The ones I know [well I mean that haven't become Berkelified yet anyway] are mostly Rubio people.
We Mormons like immigrants or immigrant backgrounds [what else did you expect from a church which sends most of it's young adults across the world?], we love the respectfully authoritative, educated sounding, and we love the calm and polite...and Rubio and Carson fill out some of these voids.
And the Utahn branch seem to have a special hate against the Clintons, even considering the anti-D bias.
But that hate for the Clintons has competition when stacked with Trump's bragging, anti-immigration, appeals to ignorance,...and yeah the many divorces and casinos certainly do not help.
I reckon the only thing keep Trump at even those numbers is the R. Switch that to a D or I...and even Hilldawg would be beating him.
huh
i never thought about this but mormon missionary tradition has got to play a role in driving the animosity against trump. it's hard to embrace "jingoism" or nativist rhetoric when you speak another language and have formed life-long connections with people from thailand or brazil or kenya.

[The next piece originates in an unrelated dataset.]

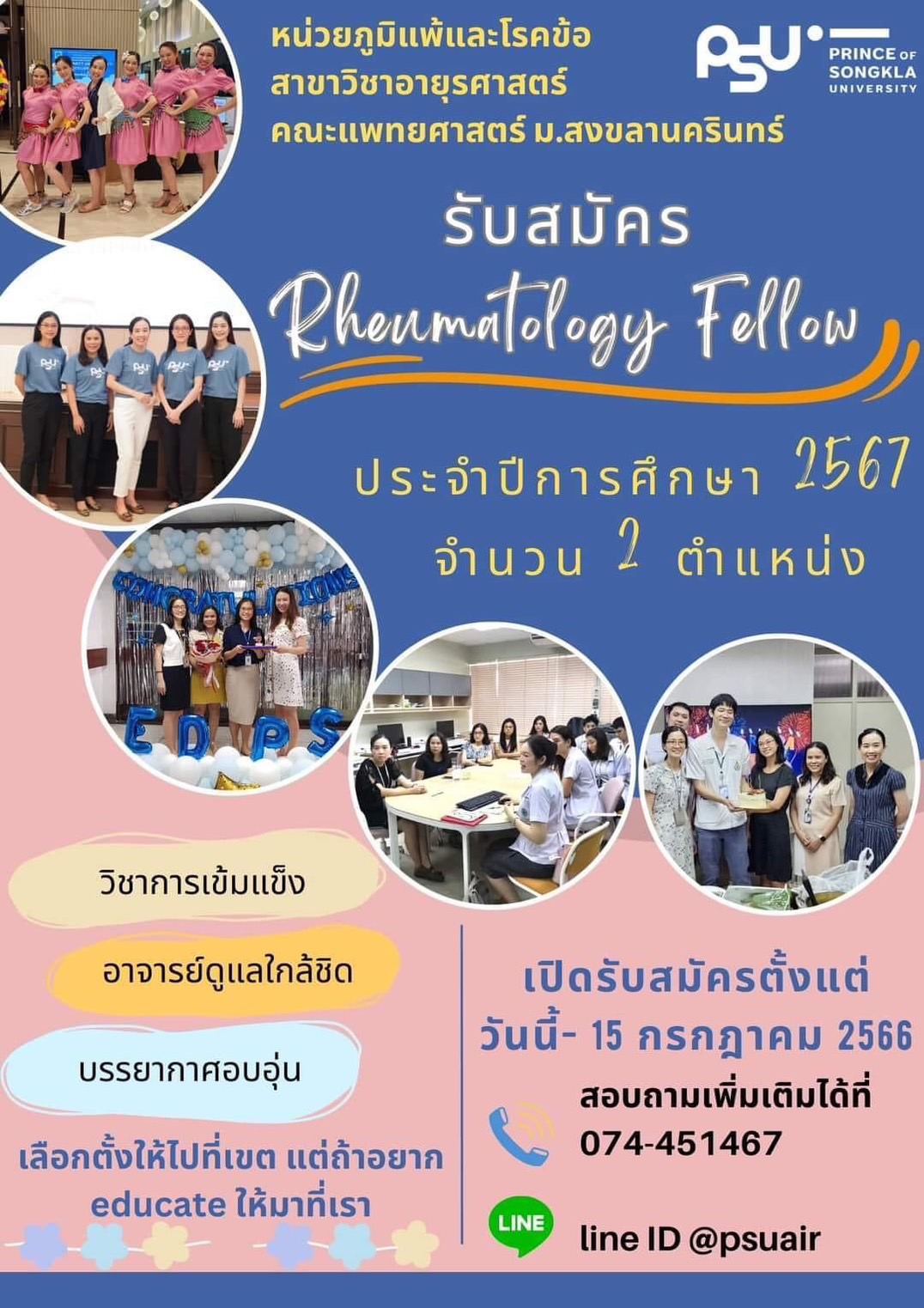สาขาวิชาโรคข้อและรูมาติสซั่มได้รับการจัดตั้งขึ้นเมื่อ พ.ศ. 2538 มีภารกิจหลักเพื่อให้การบริการตรวจรักษาโรคข้อและรูมาติสซั่ม และส่งเสริมกิจกรรมทางวิชาการด้านโรคข้อและรูมาติสซั่ม ในหลักสูตรการฝึกอบรมแพทย์ประจําบ้านอายุรศาสตร์ และได้เปิดหลักสูตรแพทย์ประจำบ้านต่อยอดอายุรแพทย์โรคข้อและ รูมาติสซั่มตั้งแต่ปี 2551 เป็นต้นมา

my other hot take is the more traditional the republican constituency, the less likely it is to back trump. mormon republicanism isn't about ideology so much as it's a default identification that comes with being born to "lds" parents. as a result, there are many mormon moderates who always vote straight-r or close to it. because trump is so offensive to these mormons, they have a higher propensity to vote for hillary, especially if it becomes a community-wide trend.
other communities where this is the case:
-cubans
-vietnamese
-the dakotas, maybe extending south to nebraska or kansas and eastern iowa.